▶ TASK MATERIAL:
* * * * * * * * *
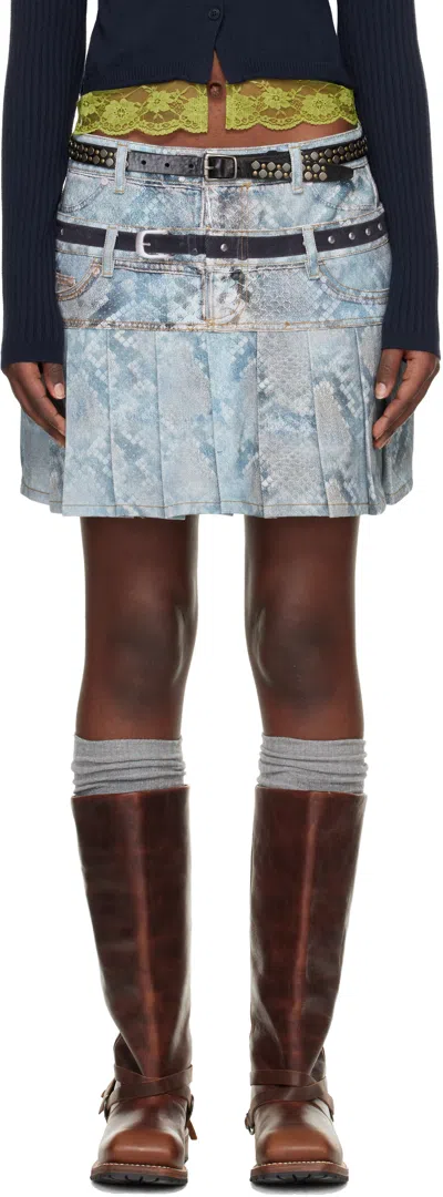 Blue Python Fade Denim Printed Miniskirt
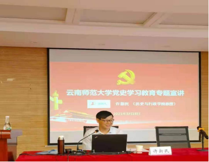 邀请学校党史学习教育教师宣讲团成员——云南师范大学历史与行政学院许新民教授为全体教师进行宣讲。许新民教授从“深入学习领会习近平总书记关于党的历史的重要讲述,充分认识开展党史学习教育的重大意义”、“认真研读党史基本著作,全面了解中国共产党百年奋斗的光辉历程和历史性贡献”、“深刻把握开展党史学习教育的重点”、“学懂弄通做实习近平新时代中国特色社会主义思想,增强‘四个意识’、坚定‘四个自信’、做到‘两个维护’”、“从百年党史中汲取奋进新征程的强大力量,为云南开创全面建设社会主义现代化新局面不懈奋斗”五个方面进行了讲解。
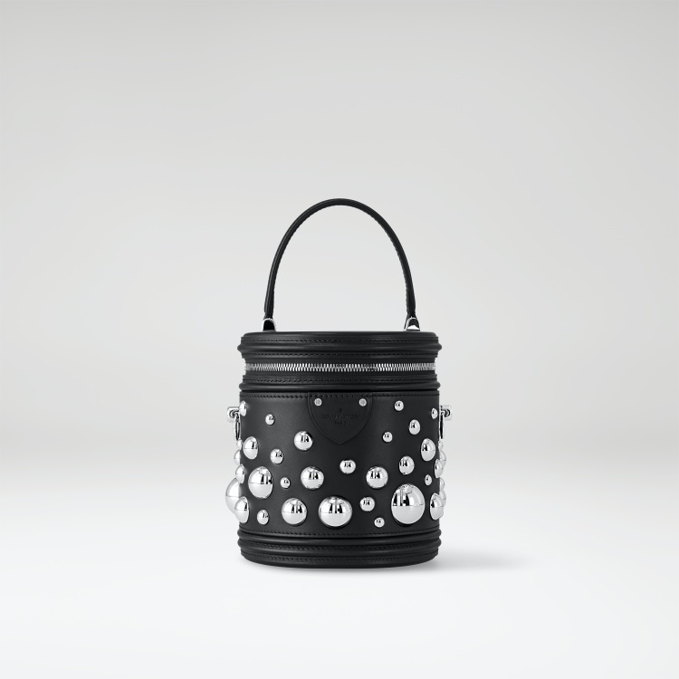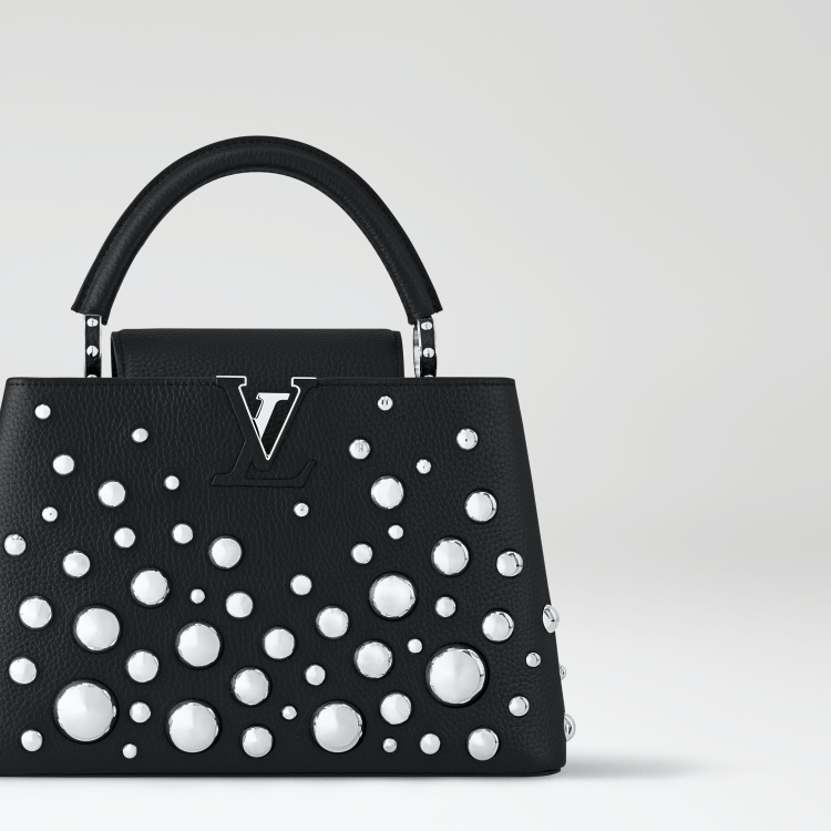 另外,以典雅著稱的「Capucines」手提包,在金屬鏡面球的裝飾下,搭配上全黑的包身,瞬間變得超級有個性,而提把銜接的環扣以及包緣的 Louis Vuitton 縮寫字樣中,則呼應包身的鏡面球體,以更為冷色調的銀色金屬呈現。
* * * * * * * * *
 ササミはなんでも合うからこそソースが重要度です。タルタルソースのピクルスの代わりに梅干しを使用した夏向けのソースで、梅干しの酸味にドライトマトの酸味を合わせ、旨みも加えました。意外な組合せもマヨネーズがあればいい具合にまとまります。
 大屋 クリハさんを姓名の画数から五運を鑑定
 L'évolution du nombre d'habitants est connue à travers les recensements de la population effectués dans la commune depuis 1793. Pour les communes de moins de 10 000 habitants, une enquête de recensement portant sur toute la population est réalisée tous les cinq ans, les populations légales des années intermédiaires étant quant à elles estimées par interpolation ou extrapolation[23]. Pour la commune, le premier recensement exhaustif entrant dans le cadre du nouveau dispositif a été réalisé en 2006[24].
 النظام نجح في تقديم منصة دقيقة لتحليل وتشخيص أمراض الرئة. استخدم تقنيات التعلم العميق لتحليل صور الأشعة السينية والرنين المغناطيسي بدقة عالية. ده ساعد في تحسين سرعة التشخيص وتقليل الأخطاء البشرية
* * * * * * * * *
In the listing above, find the line with "大屋 クリハさんを姓名の画数から五運を鑑定" and the line with "النظام نجح في", then print exactly those two lines and every line between them, and nothing more.

▶ ANSWER TO THIS EXERCISE:
 大屋 クリハさんを姓名の画数から五運を鑑定
 L'évolution du nombre d'habitants est connue à travers les recensements de la population effectués dans la commune depuis 1793. Pour les communes de moins de 10 000 habitants, une enquête de recensement portant sur toute la population est réalisée tous les cinq ans, les populations légales des années intermédiaires étant quant à elles estimées par interpolation ou extrapolation[23]. Pour la commune, le premier recensement exhaustif entrant dans le cadre du nouveau dispositif a été réalisé en 2006[24].
 النظام نجح في تقديم منصة دقيقة لتحليل وتشخيص أمراض الرئة. استخدم تقنيات التعلم العميق لتحليل صور الأشعة السينية والرنين المغناطيسي بدقة عالية. ده ساعد في تحسين سرعة التشخيص وتقليل الأخطاء البشرية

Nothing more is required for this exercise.